== Segment start ==
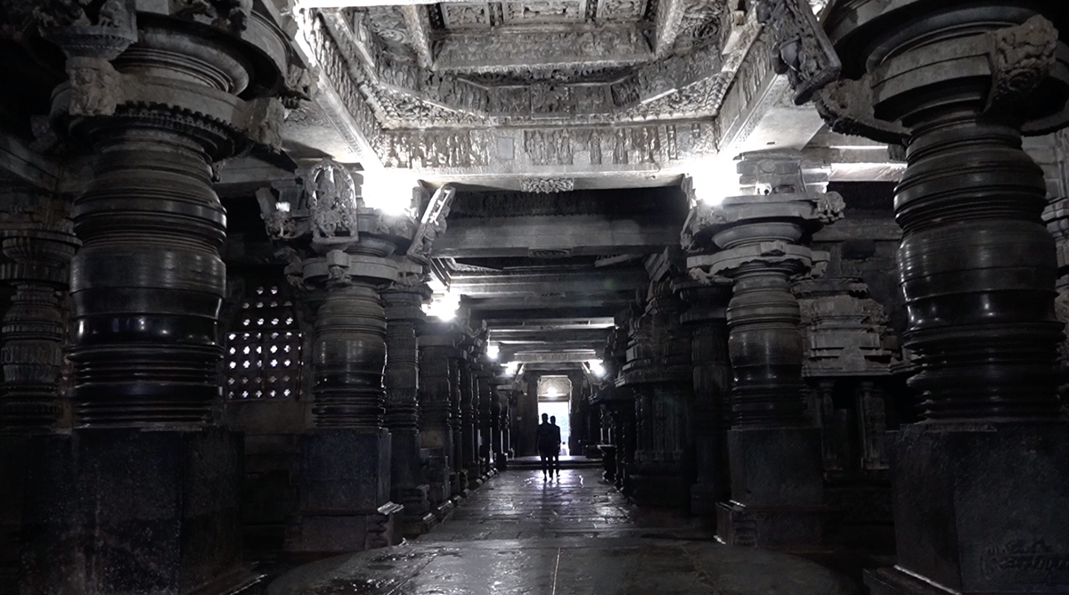 Тем не менее, нам удалось тайком запечатлеть его на камеру – как снаружи, так и внутри. Как и в других храмах хойсальской архитектуры, в качестве строительного материала был использован талькохролит, известный как мыльный камень. Это очень мягкий материал, легко поддающийся обработке. Чего не скажешь о колоннах, поддерживающих потолок внутри здания, и скульптур, изображающих древних богов.
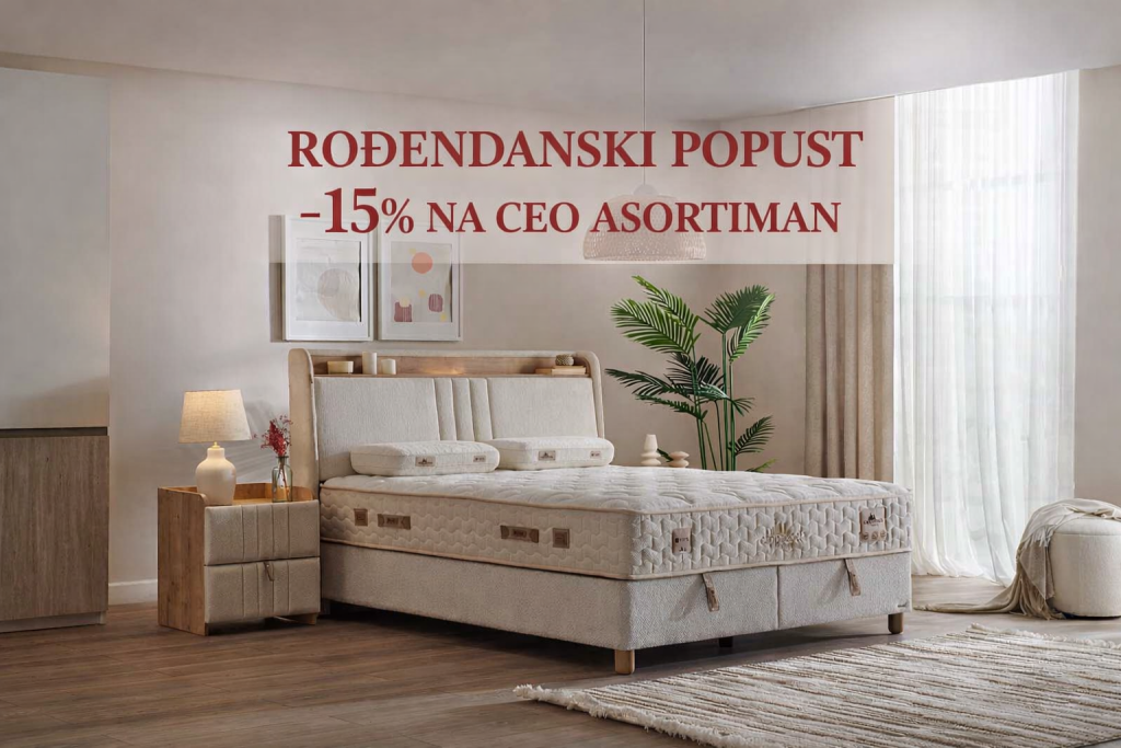 Uživajte u 15% popusta na kompletan asortiman i pronađite idealno rešenje za vaš dom. Bilo da opremate spavaću sobu, dnevni boravak ili tražite savršen dušek – sada je pravi trenutak za kupovinu.
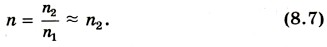 Глава 8. Световые волны § 61. Закон преломления света (окончание)Показатель преломления среды относительно вакуума называют абсолютным показателем преломления этой среды. Он показывает, во сколько раз скорость света в вакууме больше, чем в среде, и равен отношению синуса угла падения к синусу угла преломления при переходе светового луча из вакуума в данную среду: Пользуясь формулой (8.5), можно выразить относительный показатель преломления через абсолютные показатели преломления n1 и n2 первой и второй сред. Действительно, так как
== Segment end ==
PROBLEM DESCRIPTION
Keeping both end lines, retype exactly the lines from the first line of the material through the line that contains "Uživajte u 15%", but not the pictures.

PROBLEM SOLUTION
 Тем не менее, нам удалось тайком запечатлеть его на камеру – как снаружи, так и внутри. Как и в других храмах хойсальской архитектуры, в качестве строительного материала был использован талькохролит, известный как мыльный камень. Это очень мягкий материал, легко поддающийся обработке. Чего не скажешь о колоннах, поддерживающих потолок внутри здания, и скульптур, изображающих древних богов.
 Uživajte u 15% popusta na kompletan asortiman i pronađite idealno rešenje za vaš dom. Bilo da opremate spavaću sobu, dnevni boravak ili tražite savršen dušek – sada je pravi trenutak za kupovinu.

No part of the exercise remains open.